From a story perspective, CEO Jensen Huang has talked about a seismic shift in computing before, and repeats that in this ER call:

Longer term, we’re completely redesigning how computers work. And this is a platform shift. Of course, it’s been compared to other platform shifts in the past. But time will clearly tell that this is much, much more profound than previous platform shifts. And the reason for that is because the computer is no longer an instruction-driven only computer. It’s an intention-understanding computer. And it understands, of course, the way we interact with it, but it also understands our meaning, what we intend that we asked it to do and it has the ability to reason, inference iteratively to process a plan and come back with a solution. And so every aspect of the computer is changing in such a way that instead of retrieving prerecorded files, it is now generating contextually relevant intelligent answers . And so that’s going to change computing stacks all over the world. And you saw a build that, in fact, even the PC computing stack is going to get revolutionized. And this is just the beginning of all the things that – what people see today are the beginning of the things that we’re working in our labs and the things that we’re doing with all the startups and large companies and developers all over the world. It’s going to be quite extraordinary.

Layman’s summary:

It’s not trying to just detect the cat, which was plenty hard in itself, but it has to generate every pixel of a cat. And so the generation process is a fundamentally different processing architecture.

.
And then the Soverign Nation TAM that Huang started talking about a quarter or two ago:

From nothing the previous year, we believe Sovereign AI revenue can approach the high single-digit billions this year. The importance of AI has caught the attention of every nation.

.
Also, there was some worry earlier about pausing of Hopper, in effect, that Blackwell Osborned it. Jensen said to that:

We see increasing demand of Hopper through this quarter. And we expect to be – we expect demand to outstrip supply for some time as we now transition to H200, as we transition to Blackwell. Everybody is anxious to get their infrastructure online. And the reason for that is because they’re saving money and making money, and they would like to do that as soon as possible.

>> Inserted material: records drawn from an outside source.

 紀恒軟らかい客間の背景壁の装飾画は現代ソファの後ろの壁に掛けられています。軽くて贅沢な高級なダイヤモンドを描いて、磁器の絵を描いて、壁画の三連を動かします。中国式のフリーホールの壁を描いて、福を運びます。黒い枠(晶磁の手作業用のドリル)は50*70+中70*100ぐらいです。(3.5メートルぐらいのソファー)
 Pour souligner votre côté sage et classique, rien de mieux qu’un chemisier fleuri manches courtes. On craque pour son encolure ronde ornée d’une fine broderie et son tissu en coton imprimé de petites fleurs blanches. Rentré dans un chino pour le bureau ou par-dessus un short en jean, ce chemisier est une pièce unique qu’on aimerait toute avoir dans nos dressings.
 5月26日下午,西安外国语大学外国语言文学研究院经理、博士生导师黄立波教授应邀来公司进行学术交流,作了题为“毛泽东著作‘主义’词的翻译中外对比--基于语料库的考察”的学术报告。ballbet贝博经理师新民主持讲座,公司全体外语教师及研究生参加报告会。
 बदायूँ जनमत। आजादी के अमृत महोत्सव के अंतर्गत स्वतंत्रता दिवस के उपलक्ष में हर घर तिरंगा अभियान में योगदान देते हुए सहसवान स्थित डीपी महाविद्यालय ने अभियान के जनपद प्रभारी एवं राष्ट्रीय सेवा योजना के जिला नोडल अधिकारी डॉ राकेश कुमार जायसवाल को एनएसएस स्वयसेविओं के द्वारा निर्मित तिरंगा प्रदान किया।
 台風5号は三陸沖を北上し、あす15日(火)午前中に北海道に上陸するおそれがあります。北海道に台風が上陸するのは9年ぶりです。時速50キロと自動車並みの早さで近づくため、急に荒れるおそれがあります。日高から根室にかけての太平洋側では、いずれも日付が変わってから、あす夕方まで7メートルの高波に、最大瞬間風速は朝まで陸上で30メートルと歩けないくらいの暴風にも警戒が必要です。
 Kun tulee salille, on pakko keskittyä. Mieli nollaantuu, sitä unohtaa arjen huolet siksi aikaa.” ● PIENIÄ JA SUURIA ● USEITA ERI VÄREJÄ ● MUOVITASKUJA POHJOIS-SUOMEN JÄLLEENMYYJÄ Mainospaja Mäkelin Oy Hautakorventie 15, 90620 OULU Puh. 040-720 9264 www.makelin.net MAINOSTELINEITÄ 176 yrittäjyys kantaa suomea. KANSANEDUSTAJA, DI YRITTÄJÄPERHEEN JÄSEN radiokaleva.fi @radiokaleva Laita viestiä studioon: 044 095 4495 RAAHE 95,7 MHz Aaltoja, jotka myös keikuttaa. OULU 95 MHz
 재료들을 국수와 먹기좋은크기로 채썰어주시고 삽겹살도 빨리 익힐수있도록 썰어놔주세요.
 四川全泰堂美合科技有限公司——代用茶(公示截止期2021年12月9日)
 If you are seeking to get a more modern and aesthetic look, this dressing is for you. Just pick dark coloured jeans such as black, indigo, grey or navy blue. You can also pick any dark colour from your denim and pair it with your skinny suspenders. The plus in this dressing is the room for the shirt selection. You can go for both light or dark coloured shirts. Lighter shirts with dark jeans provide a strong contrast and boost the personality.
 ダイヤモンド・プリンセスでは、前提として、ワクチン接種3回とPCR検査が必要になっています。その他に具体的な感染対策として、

And, when pressed o the potential Osborning since the new Blackwell is so much faster:

If you’re 5% into the build-out versus if you’re 95% into the build out, you’re going to feel very differently. And because you’re only 5% into the build-out anyhow, you build as fast as you can.

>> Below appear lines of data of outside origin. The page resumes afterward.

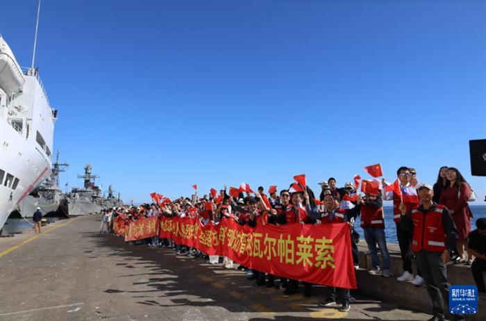 3月1日,执行“和谐使命-2025”任务的中国海军“丝路方舟”号医院船抵达智利瓦尔帕莱索港,民众在码头欢迎。新华社发(崔晓洋摄)
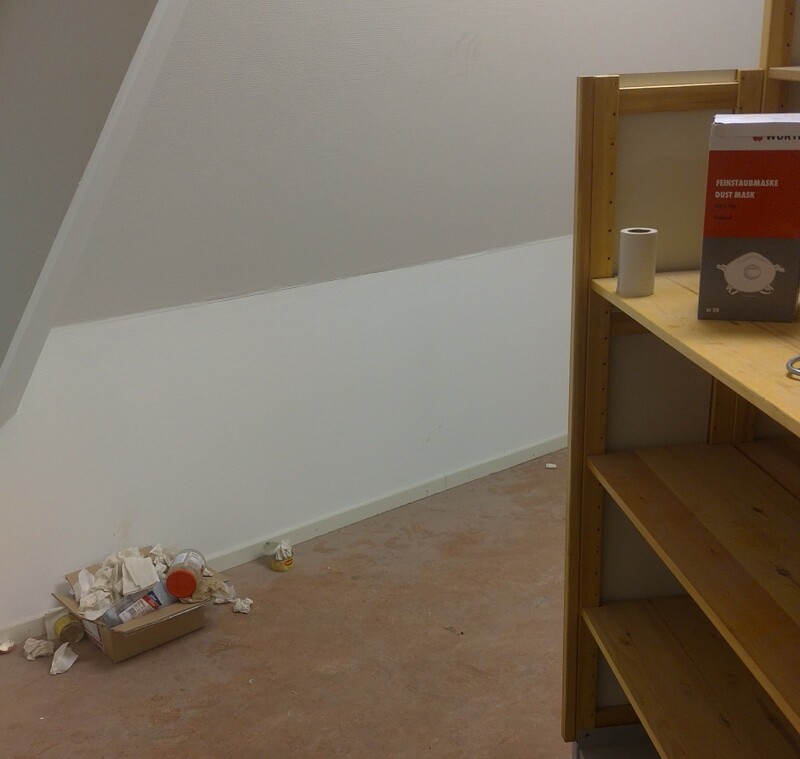 Jag är och grejar lite i en kontorsfastighet, som nyligen var helt utrymd på hyesgäster, men nu har verksamheter börjat flytta in igen. Medan mer än hälften av huset fortfarande är tomt och byggjobb, renoveringar, uppfräschningar pågår lite överallt.
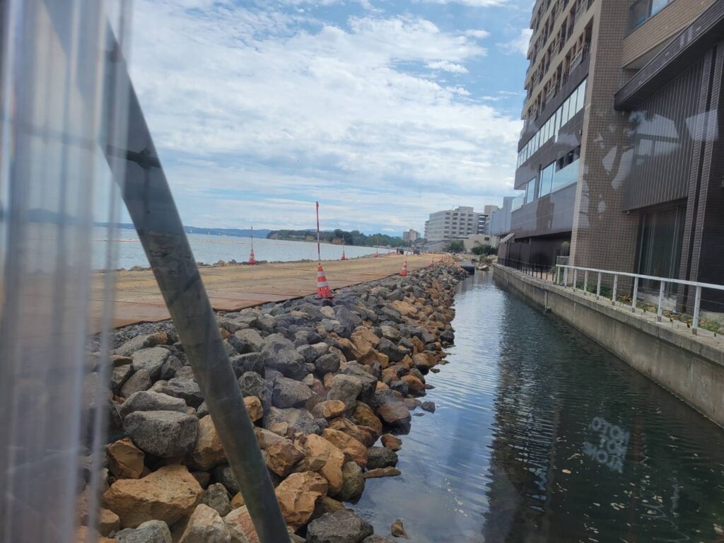 私達の目には見えないところで大規模な復旧が進められているというお話も伺いました。和倉温泉の復旧には、護岸の整備が重要ですが、陸から見ると静かに見えますが、莫大な費用をかけて海側から護岸工事を進めているそうです。
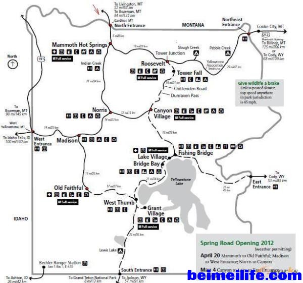 5. 黄石公园内道路狭窄,限速很低。养成注意路边警示牌的习惯。 警示牌包括限速警示牌、封路警示牌、有动物出没警示牌。白天如果 遇到穿越马路或者停留在路上的动物,应该停车等其过去,夜间的时 候应该更加注意道路上穿行的动物,不可用车灯直接照射动物。
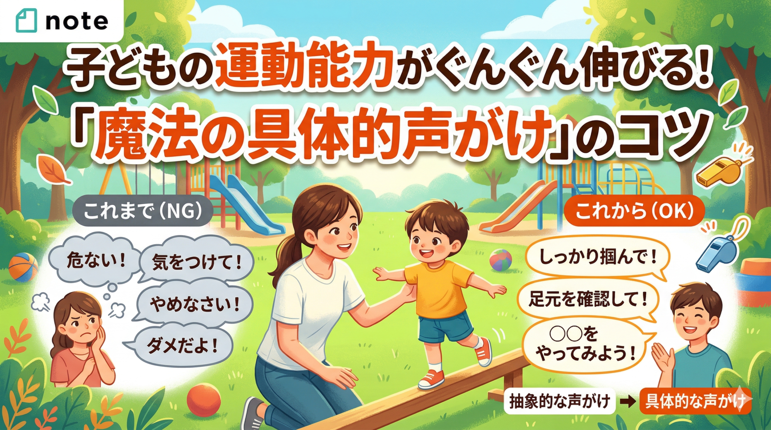 実は、子どもの運動能力を伸ばすために最も大切なのは、声がけを「抽象的」から「具体的」に変えること、たったこれだけです。
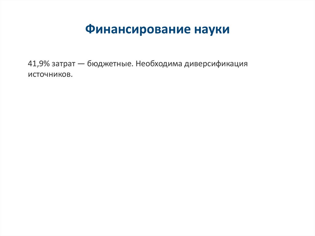 Финансирование науки41,9% затрат — бюджетные. Необходима диверсификация
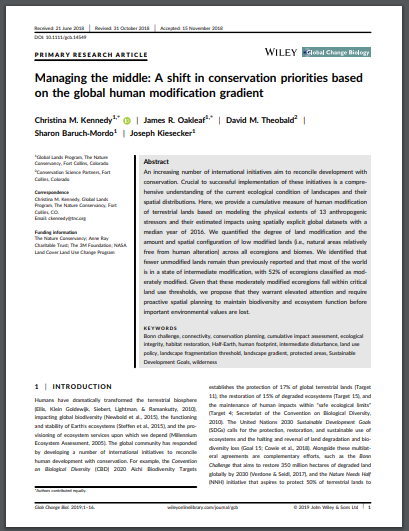 An increasing number of international initiatives aim to reconcile development with conservation. Crucial to successful implementation of these initiatives is a comprehensive understanding of the current ecological condition of landscapes and their spatial distributions. Here, we provide a cumulative measure of human modification of terrestrial lands based on modeling the physical extents of 13 anthropogenic stressors and their estimated impacts using spatially explicit global datasets with a median year of 2016. We quantified the degree of land modification and the amount and spatial configuration of low modified lands (i.e., natural areas relatively free from human alteration) across all ecoregions and biomes. We identified that fewer unmodified lands remain than previously reported and that most of the world is in a state of intermediate modification, with 52% of ecoregions classified as moderately modified. Given that these moderately modified ecoregions fall within critical land use thresholds, we propose that they warrant elevated attention and require proactive spatial planning to maintain biodiversity and ecosystem function before important environmental values are lost.
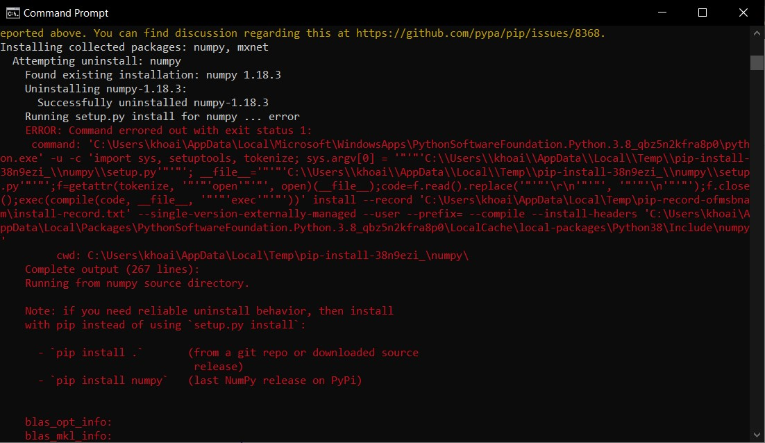 I can not use 'pip install mxnet' in command prompt to intstall mxnet. It keep appearing a list with long of issues that I hardly to know what it is . Here it is a small part of my issue  ---------------------------------------------------------------- This is an automated message from the Apache Git Service. To respond to the message, please log on to GitHub and use the URL above to go to the specific comment. For queries about this service, please contact Infrastructure at: [email protected] --------------------------------------------------------------------- To unsubscribe, e-mail: [email protected] For additional commands, e-mail: [email protected]
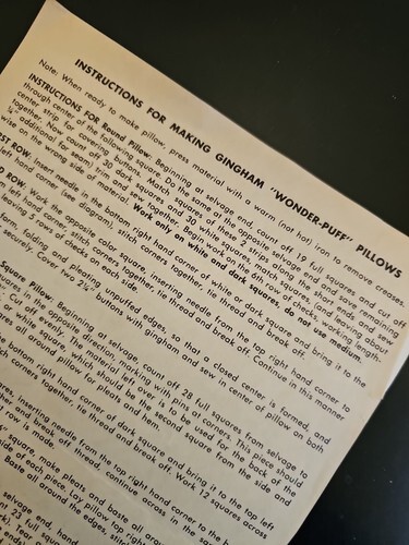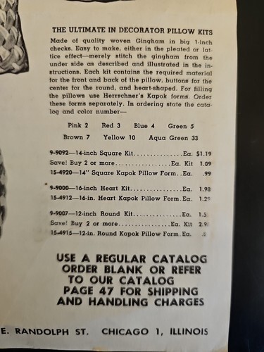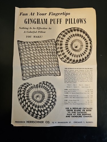 - Mail Order Vtg 60s Frederick Herrschner Co Gingham Puff Pillows Instruction

So that’s the smart thing to do. They need to make money today. They want to save money today. And time is really, really valuable to them.

The reason for that is because the next company who reaches the next major plateau gets to announce a groundbreaking AI. And the second one after that gets to announce something that’s 0.3% better. And so the question is, do you want to be repeatedly the company delivering groundbreaking AI or the company delivering 0.3% better?

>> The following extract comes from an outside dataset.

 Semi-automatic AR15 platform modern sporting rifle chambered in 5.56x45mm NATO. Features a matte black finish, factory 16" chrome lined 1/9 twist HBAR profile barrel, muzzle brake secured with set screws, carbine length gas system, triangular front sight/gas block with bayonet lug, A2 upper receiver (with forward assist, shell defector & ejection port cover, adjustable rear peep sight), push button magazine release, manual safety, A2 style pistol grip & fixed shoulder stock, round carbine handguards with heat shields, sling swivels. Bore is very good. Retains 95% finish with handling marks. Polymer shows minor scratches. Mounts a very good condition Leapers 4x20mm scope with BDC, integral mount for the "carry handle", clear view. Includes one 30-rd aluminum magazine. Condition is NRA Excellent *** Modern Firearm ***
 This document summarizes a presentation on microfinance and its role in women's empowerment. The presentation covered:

And you gotta love how Huang ends the call:

Well, I can announce that after Blackwell, there’s another chip. And we are on a one-year rhythm.

61 Likes

This also sounded positive…
Stacy Rasgon

Hi, guys. Thanks for taking my questions. My first one, I wanted to drill a little bit into the Blackwell comment that it’s in full production now. What does that suggest with regard to shipments and delivery timing if that product is – doesn’t sound like it’s sampling anymore. What does that mean when that’s actually in customers’ hands if it’s in production now?

Jensen Huang

We will be shipping. Well, we’ve been in production for a little bit of time. But our production shipments will start in Q2 and ramp in Q3, and customers should have data centers stood up in Q4.

Stacy Rasgon

Got it. So this year, we will see Blackwell revenue, it sounds like?

Jensen Huang

We will see a lot of Blackwell revenue this year.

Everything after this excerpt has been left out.